__TASK OBJECTIVE__: The answer must be an exact copy of the lines from the one with "Wystawa prezentuje przedmioty" through the final line of the records below, with no pictures.

__AVAILABLE DATA__:

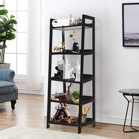 Buy 5-Tier Ladder Shelf Modern Bamboo Leaning Bookshelf Ladder Bookcase at Costway, enjoy great savings and discounts with fast, free shipping on everything. ● The rugged bamboo frame is durable and sturdy than wood · ● 5-tier open storage shelf provide plenty of storage space · ● Multifunctional display stand suit for lots of space · ● Space-saving and lightweight ladder shelf is suitable for corner · ● Non-slip foot pads ensure overall stable · ● Premium screws are not easy to rust and tightly connected · ● Wall-leaning ladder shelf is stable with a triangle structure · ● A good storage solu
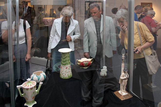 Wystawa prezentuje przedmioty sygnowane nazwiskami największych artystów pochodzących z polskich i zagranicznych ośrodków. Odwiedzający zobaczą grupę naczyń ze szkła iryzującego m.in. solniczkę (L.C. Tiffany), wazon oraz bombonierkę ze szkieł warstwowych z motywem gałązek kwitnącej wiśni (E. Gallé), wazon z kutego mosiądzu projektu współzałożyciela Warsztatów Wiedeńskich - Josefa Hoffmanna, serwis do kawy inspirowany formą ludowych naczyń podhalańskich, zaprojektowany przez Jana Szczepkowskiego, kierownika artystycznego znanego zakładu ceramicznego w podkrakowskich Dębnikach. Wreszcie kunsztownie wykonany w tej samej firmie (J. Niedźwiecki i Ska) wazon z motywem liści kasztanowca (proj. Karol Brudzewski).
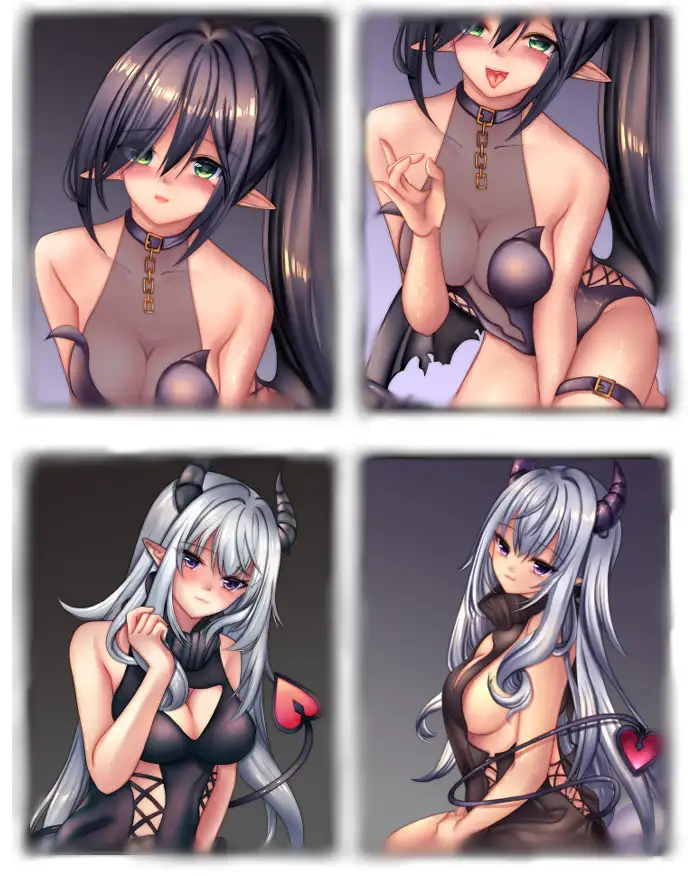 銀髪のサキュバスちゃんと黒髪のサキュバスちゃんに抜き抜きされちゃうイラストを描きました。
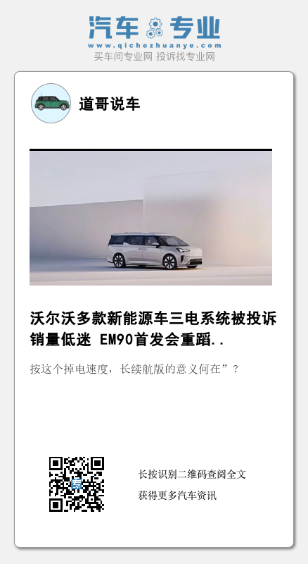就以上投诉来看,沃尔沃新能源车型卖不好,或许也不全是“油改电”刻板印象以及EX90、EX30未如约而至的原因。此外,如果以上问题出现在一款纯电的沃尔沃EM90上,又该如何是好,毕竟纯电车型充满不断电、电池模组故障、“纯电模式中断”的影响可能比插电混动车型更大。
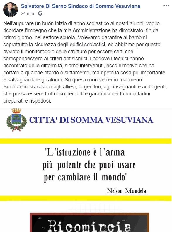 Questo quanto pubblicato dalla pagina Facebook del Sindaco di Somma Vesuviana, Salvatore Di Sarno:
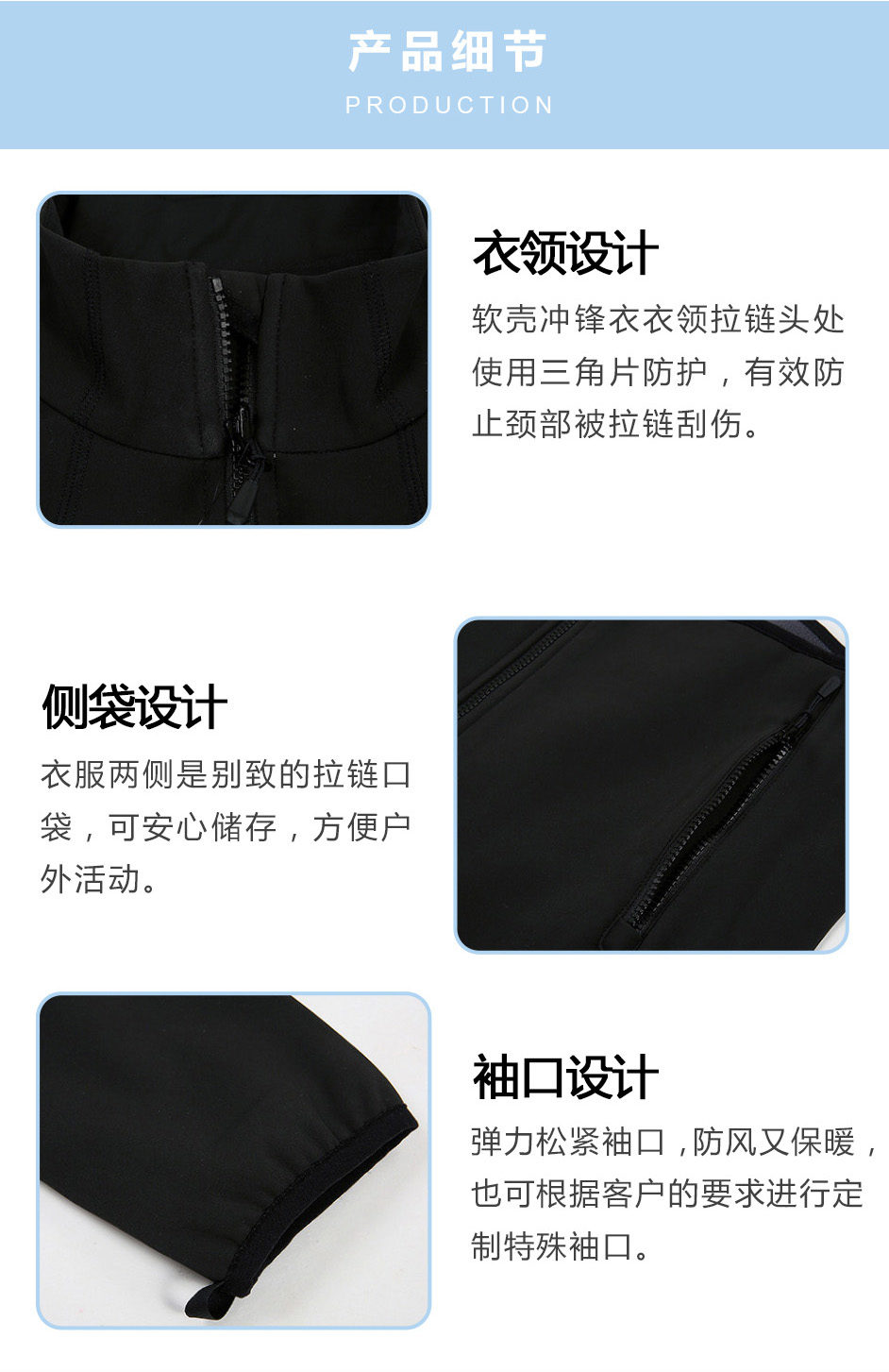 袖口設(shè)計(jì):彈力松緊袖口,防風(fēng)又保暖,也可根據(jù)客戶的要求進(jìn)行軟殼沖鋒衣定制其的特殊袖口。
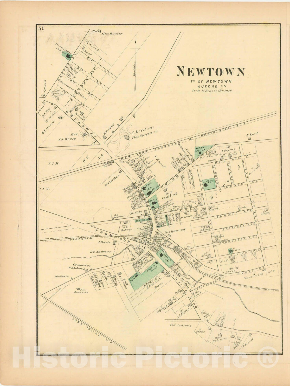 Historic Map : Atlas of Long Island, Newtown & Queens 1870 , Vintage Wall Art
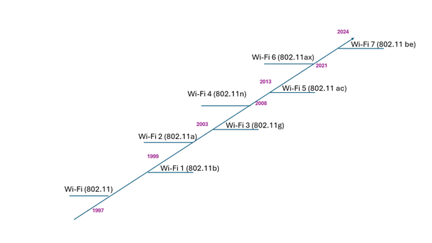 Below are the associated and released 802.11 technologies and their associated Wi-Fi generation names:
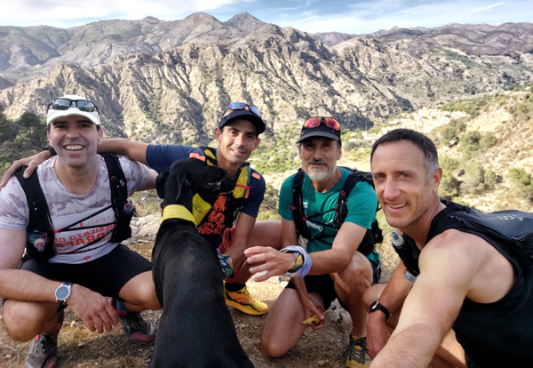 | Dimanche 26 mars 2023, 8h30, 18°C, village de Guájar-Fondón à 95 km à l'Est de Málaga dans la province de Grenade David, Dani, Nico, son lévrier de chien Sonic et moi |

__ANSWER FOR THE TASK__:
 Wystawa prezentuje przedmioty sygnowane nazwiskami największych artystów pochodzących z polskich i zagranicznych ośrodków. Odwiedzający zobaczą grupę naczyń ze szkła iryzującego m.in. solniczkę (L.C. Tiffany), wazon oraz bombonierkę ze szkieł warstwowych z motywem gałązek kwitnącej wiśni (E. Gallé), wazon z kutego mosiądzu projektu współzałożyciela Warsztatów Wiedeńskich - Josefa Hoffmanna, serwis do kawy inspirowany formą ludowych naczyń podhalańskich, zaprojektowany przez Jana Szczepkowskiego, kierownika artystycznego znanego zakładu ceramicznego w podkrakowskich Dębnikach. Wreszcie kunsztownie wykonany w tej samej firmie (J. Niedźwiecki i Ska) wazon z motywem liści kasztanowca (proj. Karol Brudzewski).
 銀髪のサキュバスちゃんと黒髪のサキュバスちゃんに抜き抜きされちゃうイラストを描きました。
就以上投诉来看,沃尔沃新能源车型卖不好,或许也不全是“油改电”刻板印象以及EX90、EX30未如约而至的原因。此外,如果以上问题出现在一款纯电的沃尔沃EM90上,又该如何是好,毕竟纯电车型充满不断电、电池模组故障、“纯电模式中断”的影响可能比插电混动车型更大。
 Questo quanto pubblicato dalla pagina Facebook del Sindaco di Somma Vesuviana, Salvatore Di Sarno:
 袖口設(shè)計(jì):彈力松緊袖口,防風(fēng)又保暖,也可根據(jù)客戶的要求進(jìn)行軟殼沖鋒衣定制其的特殊袖口。
 Historic Map : Atlas of Long Island, Newtown & Queens 1870 , Vintage Wall Art
 Below are the associated and released 802.11 technologies and their associated Wi-Fi generation names:
 | Dimanche 26 mars 2023, 8h30, 18°C, village de Guájar-Fondón à 95 km à l'Est de Málaga dans la province de Grenade David, Dani, Nico, son lévrier de chien Sonic et moi |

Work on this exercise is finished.